En avril 2022, le ministre marocain de la Justice avait ouvert un front contre les associations de défense des biens publics. Il voulait les priver de la capacité de présenter des plaintes contre des élus. Vingt-mois après ses déclarations au Parlement, Abdellatif Ouahbi change son fusil d’épaule.
Saisissant le réexamen du projet du règlement intérieur de la Chambre des représentants, suite au rejet de ses articles par la Cour constitutionnelle, le ministre a proposé des amendements visant les parlementaires qui font l’objet de poursuites judiciaires.

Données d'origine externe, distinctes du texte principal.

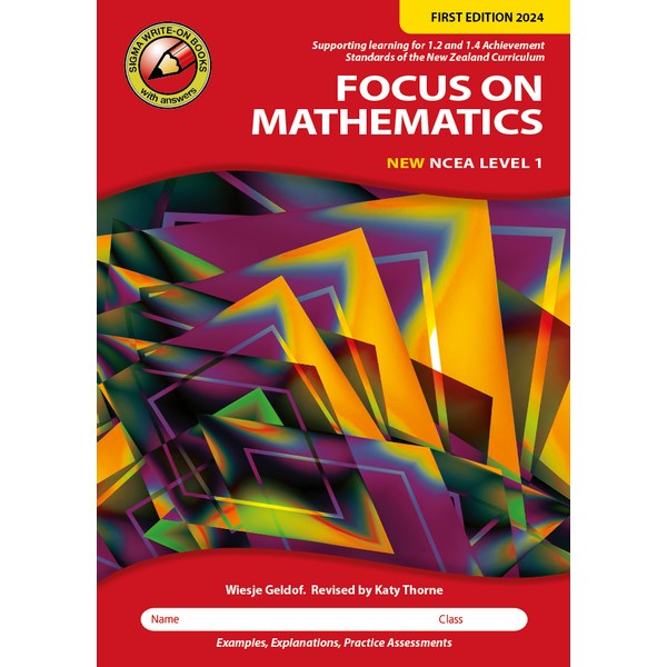 Sigma’s new NCEA Level 1 workbook series provides excellent coverage of the Mathematics option for the new revised 2024 curriculum. Pages feature maths instruction boxes, worked examples and a full set of answers.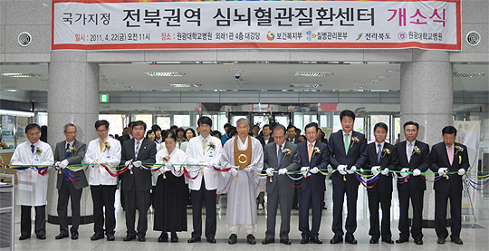 원광대병원(병원장 정은택)은 23일 대강당에서 원광학원 이성택 이사장, 원광대 정세현 총장, 이한수 익산시장, 국회 이춘석 의원, 시의회 박종대 의장, 보건복지부 전병율 공공보건정책관, 도의회 김성주 환경복지위원장, 전북도의사협회 방인석 회장 등 250여명이 참석한 가운데 전북권역 심뇌혈관질환센터 개소식을 가졌다.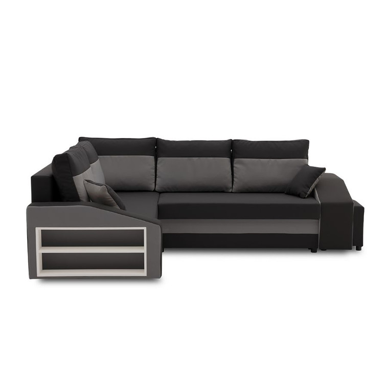 Pevná konstrukce ze dřeva a OSB desky. Potah z kvalitní látky v mnoha moderních barevných odstínech. Snadné rozkládání pohovky na lůžkovou podobu. Praktické taburety + poličky v boku sedačky. Moderní design vhodný do všech současných interiérů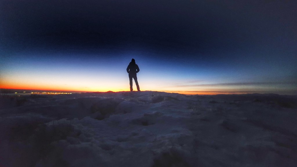As we almost approached the summit we got the most amazing 360° view. To our left the sky was on fire showcasing some of the most amazing colours as the sun was disappearing.

Le texte de Ouahbi souhaite les écarter des responsabilités au sein de l’institution législative, comme président du groupe de députés, président d’une commission parlementaire ou même prendre la parole lors des sessions hebdomadaires des questions orales.
Des propositions que des partis ne partagent pas. Faute de compromis, la réunion de la commission de la Justice, Législation et des Droits de l’Homme, prévue le lundi 8 janvier, pour l’adoption du règlement intérieur de la Chambre basse, a été repoussée au 15 janvier. Les opposants estiment que les sanctions suggérées par le ministre de la Justice contreviennent au principe de présomption d’innocence.
Pour rappel, le 19 avril 2022 à la Chambre des conseillers, le ministre de la Justice avait dressé un réquisitoire contre les associations qui estent en justice des élus pour dilapidation de deniers publics. «Celui qui est responsable du contrôle de l’argent accordé par le ministère de l’Intérieur est bel et bien le ministre de l’Intérieur et non ces associations. Personne n’est habilité à présenter ce genre de plaintes que s’il est la source de l’argent donné» aux collectivités territoriales, avait-il martelé. Le ministre avait alors mis en garde contre des «opérations de chantage» qui nuisent «à la légitimité des présidents des communes».
Abdellatif Ouahbi avait défendu, en juillet dernier à la Chambre des représentants, la décision du gouvernement Akhannouch de retrait du projet de loi portant sur la pénalisation de l’enrichissement illicite, arguant que l'entrée en vigueur du texte est «contraire au principe de la présomption d'innocence inscrit dans la constitution marocaine».